- **How to complete this task**: Take the entries that follow and return only the lines from the one with "Everlane The Dream" through the final line, leaving every picture behind.
= = = = =
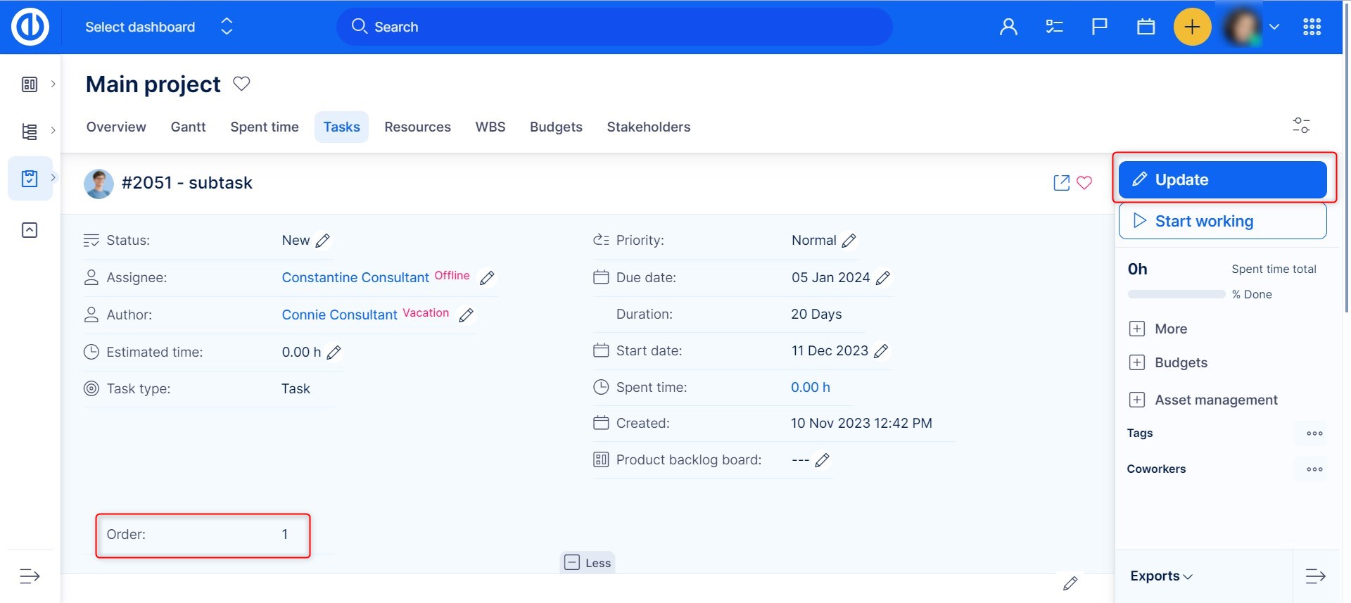 Afterward, update several tasks within the same project and enter some values into the custom field "Order" according to which you need to have them sorted. For example, task 1 has order 1, task 2 has order 2 etc.
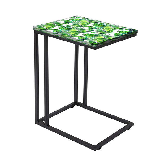 C Shaped End Table For Sofa - Green Tropical Leaf
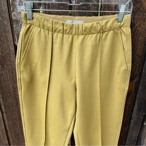 Everlane The Dream Pant in Fennel Seed Sz Small. New without tags. Color is a tan yellow tone. Soft double knit fabric with tailored look & everyday comfort. Front has Pintuck detailing. 2 front pockets & 2 back pockets( still stitched closed). Elastic waistband with inner drawstrings. Cotton, modal blend with stretch. Tapered leg. Great condition
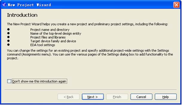 1)選擇開始>程序>Altera>QuartusII10.0SP1> QuartusII10.0SP1,運行QUARTUSII軟件。或者雙擊桌面上的QUARTUSII的圖標運行QUARTUSII軟件,出現如圖1-3所示,如果是第一次打開QUARTUSII軟件可能會有其它的提示信息,使用者可以根據自己的實際情況進行設定后進入圖1-1所示界面。
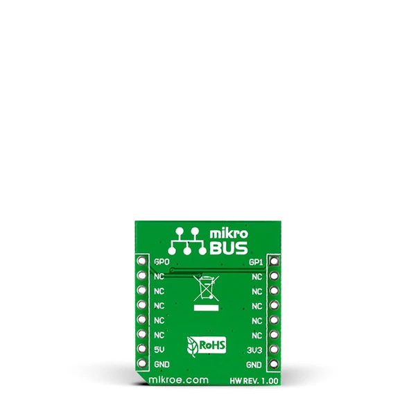 MIKROE Unique ID Click carries DS2401, an enhanced silicon serial number IC. It’s a low cost solution for providing a unique registration number to your design. The chip consists of a factory-lasered 64-bit ROM that includes a uniques a 48-bit serial number, an 8-bit CRC, and an 8-bit family code. It uses 1-wire communications for interfacing with the target board microcontroller, either through a GP1 or GP0 pin (here in place of the default AN and PWM mikroBUS™ pins). The board is designed to use either a 3.3V or 5V power supply.
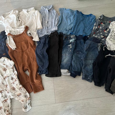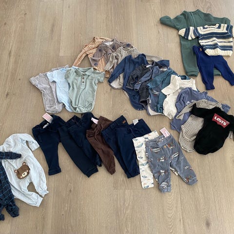 Klespakke i str.80 inneholder totalt 14plagg. Ensfargede bodyer fra carter’s, hund-body fra lindex, skjortebody fra newbie, gensere fra h&m, peppa gris klær fra sparkjøp, pyjamaser fra kappahl, dongeri?. Peppagris sett er ubrukt, kun vasket. Gensrene er kanskje brukt 1 gang hver, bodyene et par ganger. Pyjamasene er godt brukt, men hele og fine, en flekk på den turkise (se bilde). Desse er i str 74/80, men er store i str. Selges samlet til 250kr (tilsvarer 17,8kr per plagg)
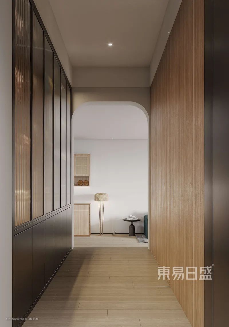 原木色玄关柜圆形拱门,空间棱角感被柔化的同时保留水平方向线条,原木色系不过分沉闷,加之灯光点缀空间精致复古。
= = = = =
- **Task answer**:
 Everlane The Dream Pant in Fennel Seed Sz Small. New without tags. Color is a tan yellow tone. Soft double knit fabric with tailored look & everyday comfort. Front has Pintuck detailing. 2 front pockets & 2 back pockets( still stitched closed). Elastic waistband with inner drawstrings. Cotton, modal blend with stretch. Tapered leg. Great condition
 1)選擇開始>程序>Altera>QuartusII10.0SP1> QuartusII10.0SP1,運行QUARTUSII軟件。或者雙擊桌面上的QUARTUSII的圖標運行QUARTUSII軟件,出現如圖1-3所示,如果是第一次打開QUARTUSII軟件可能會有其它的提示信息,使用者可以根據自己的實際情況進行設定后進入圖1-1所示界面。
 MIKROE Unique ID Click carries DS2401, an enhanced silicon serial number IC. It’s a low cost solution for providing a unique registration number to your design. The chip consists of a factory-lasered 64-bit ROM that includes a uniques a 48-bit serial number, an 8-bit CRC, and an 8-bit family code. It uses 1-wire communications for interfacing with the target board microcontroller, either through a GP1 or GP0 pin (here in place of the default AN and PWM mikroBUS™ pins). The board is designed to use either a 3.3V or 5V power supply.
 Klespakke i str.80 inneholder totalt 14plagg. Ensfargede bodyer fra carter’s, hund-body fra lindex, skjortebody fra newbie, gensere fra h&m, peppa gris klær fra sparkjøp, pyjamaser fra kappahl, dongeri?. Peppagris sett er ubrukt, kun vasket. Gensrene er kanskje brukt 1 gang hver, bodyene et par ganger. Pyjamasene er godt brukt, men hele og fine, en flekk på den turkise (se bilde). Desse er i str 74/80, men er store i str. Selges samlet til 250kr (tilsvarer 17,8kr per plagg)
 原木色玄关柜圆形拱门,空间棱角感被柔化的同时保留水平方向线条,原木色系不过分沉闷,加之灯光点缀空间精致复古。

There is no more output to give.